Provided data —
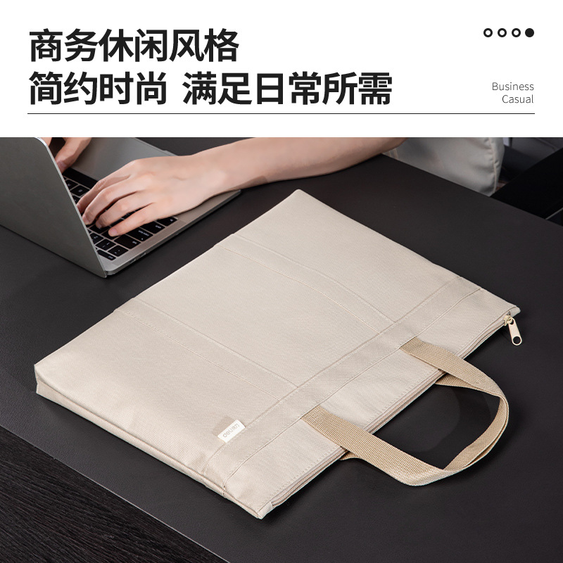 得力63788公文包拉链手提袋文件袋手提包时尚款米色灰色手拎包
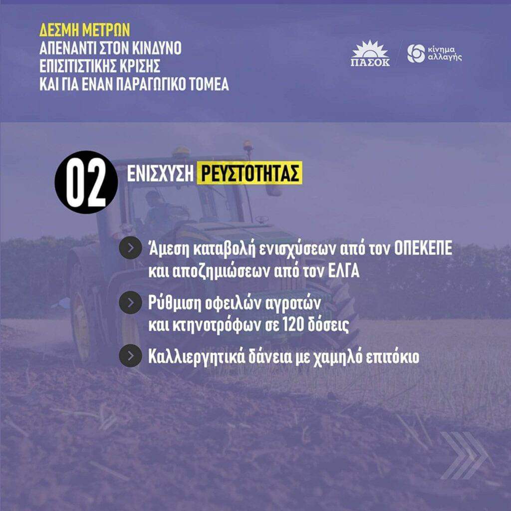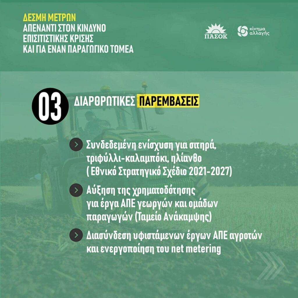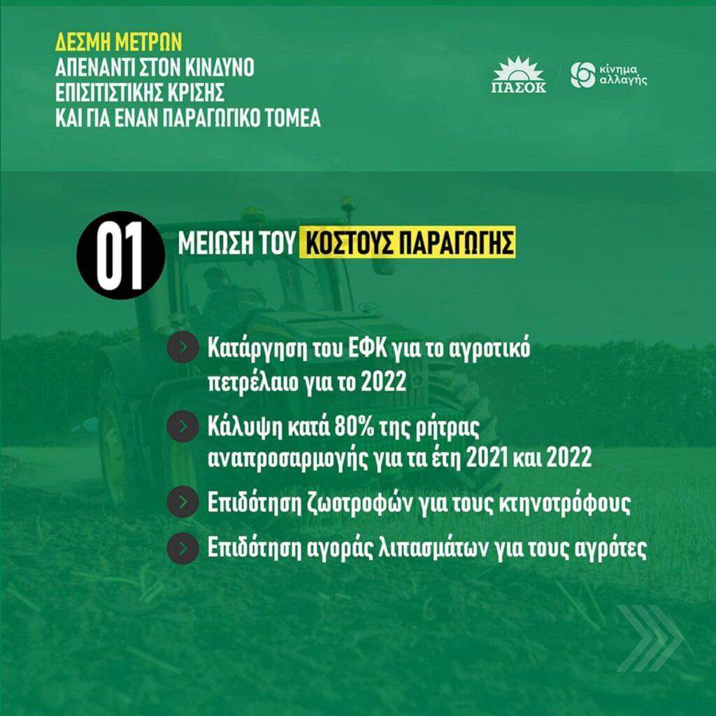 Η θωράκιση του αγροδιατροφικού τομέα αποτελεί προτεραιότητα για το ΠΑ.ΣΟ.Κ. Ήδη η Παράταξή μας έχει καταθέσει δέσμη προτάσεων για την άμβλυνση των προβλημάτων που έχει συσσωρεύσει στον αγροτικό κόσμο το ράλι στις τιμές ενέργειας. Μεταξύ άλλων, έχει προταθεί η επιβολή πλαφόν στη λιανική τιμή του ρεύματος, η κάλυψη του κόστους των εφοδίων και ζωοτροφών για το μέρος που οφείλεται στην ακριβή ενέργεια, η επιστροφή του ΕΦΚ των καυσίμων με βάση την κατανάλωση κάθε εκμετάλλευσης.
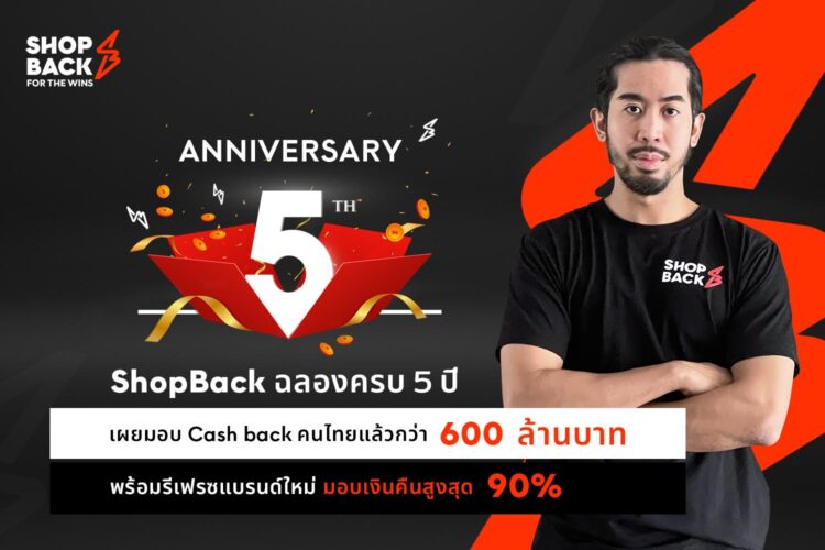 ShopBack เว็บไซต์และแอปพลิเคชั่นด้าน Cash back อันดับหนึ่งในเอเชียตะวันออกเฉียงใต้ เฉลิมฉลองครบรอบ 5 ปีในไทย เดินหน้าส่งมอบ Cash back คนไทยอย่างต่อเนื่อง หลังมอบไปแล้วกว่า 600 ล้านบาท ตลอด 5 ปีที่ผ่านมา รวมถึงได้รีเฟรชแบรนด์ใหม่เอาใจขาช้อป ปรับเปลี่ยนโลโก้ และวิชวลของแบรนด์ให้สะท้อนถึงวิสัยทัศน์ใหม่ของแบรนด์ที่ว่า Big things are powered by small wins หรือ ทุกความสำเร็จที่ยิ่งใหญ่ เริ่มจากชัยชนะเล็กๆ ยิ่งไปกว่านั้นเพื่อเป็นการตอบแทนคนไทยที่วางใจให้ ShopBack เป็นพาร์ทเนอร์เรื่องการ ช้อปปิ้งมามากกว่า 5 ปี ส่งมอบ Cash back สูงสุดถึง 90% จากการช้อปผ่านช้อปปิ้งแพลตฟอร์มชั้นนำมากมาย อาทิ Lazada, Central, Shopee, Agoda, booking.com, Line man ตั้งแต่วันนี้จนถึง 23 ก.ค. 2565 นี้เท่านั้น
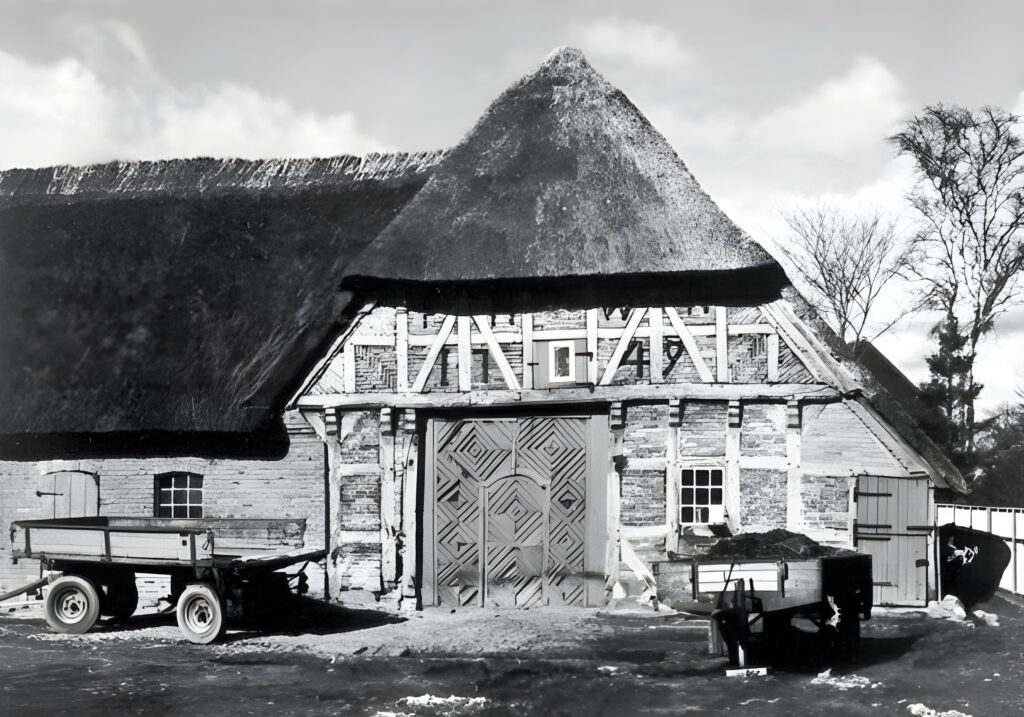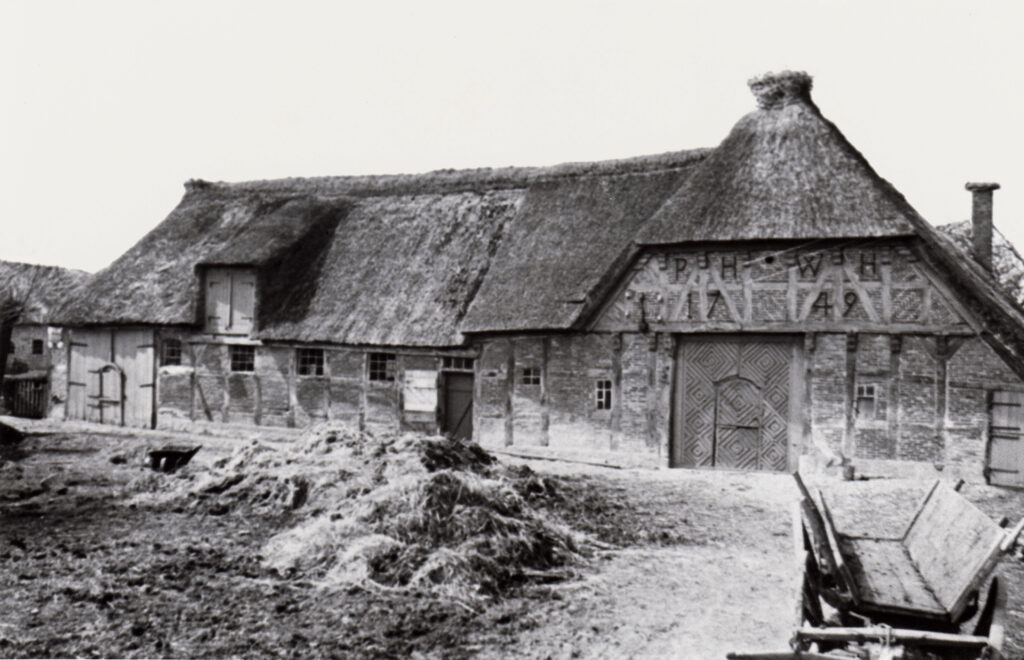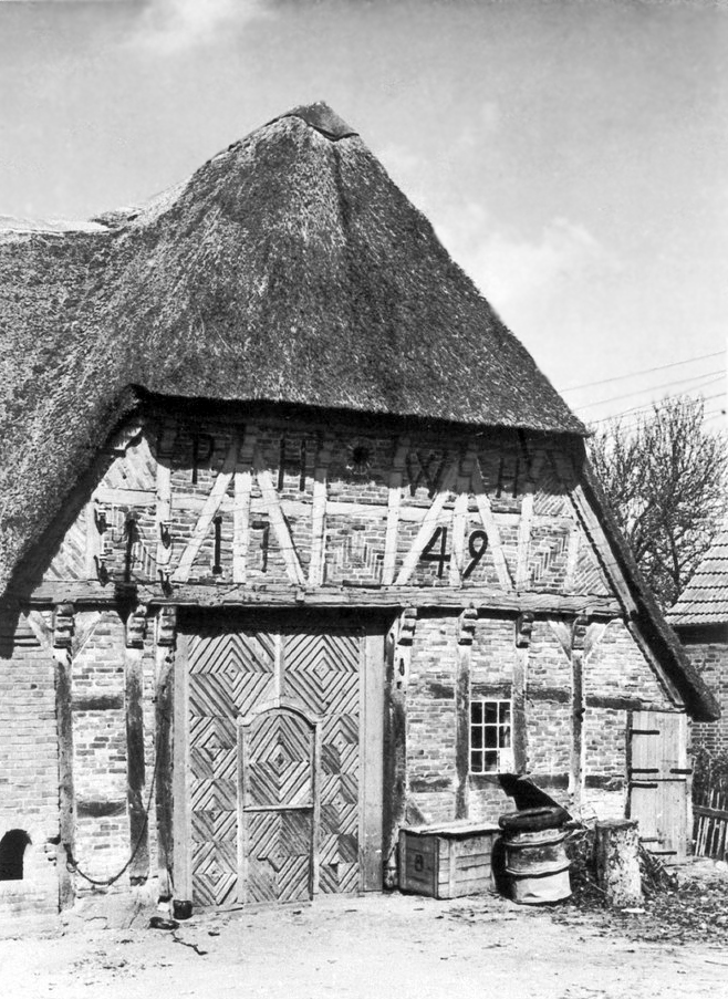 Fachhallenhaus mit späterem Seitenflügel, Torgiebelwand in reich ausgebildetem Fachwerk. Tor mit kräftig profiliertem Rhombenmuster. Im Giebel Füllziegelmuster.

Required work — From the opening line of the listing above through the line bearing "Η θωράκιση του", repeat each line exactly. Drop every picture.

Answer space —
 得力63788公文包拉链手提袋文件袋手提包时尚款米色灰色手拎包
 Η θωράκιση του αγροδιατροφικού τομέα αποτελεί προτεραιότητα για το ΠΑ.ΣΟ.Κ. Ήδη η Παράταξή μας έχει καταθέσει δέσμη προτάσεων για την άμβλυνση των προβλημάτων που έχει συσσωρεύσει στον αγροτικό κόσμο το ράλι στις τιμές ενέργειας. Μεταξύ άλλων, έχει προταθεί η επιβολή πλαφόν στη λιανική τιμή του ρεύματος, η κάλυψη του κόστους των εφοδίων και ζωοτροφών για το μέρος που οφείλεται στην ακριβή ενέργεια, η επιστροφή του ΕΦΚ των καυσίμων με βάση την κατανάλωση κάθε εκμετάλλευσης.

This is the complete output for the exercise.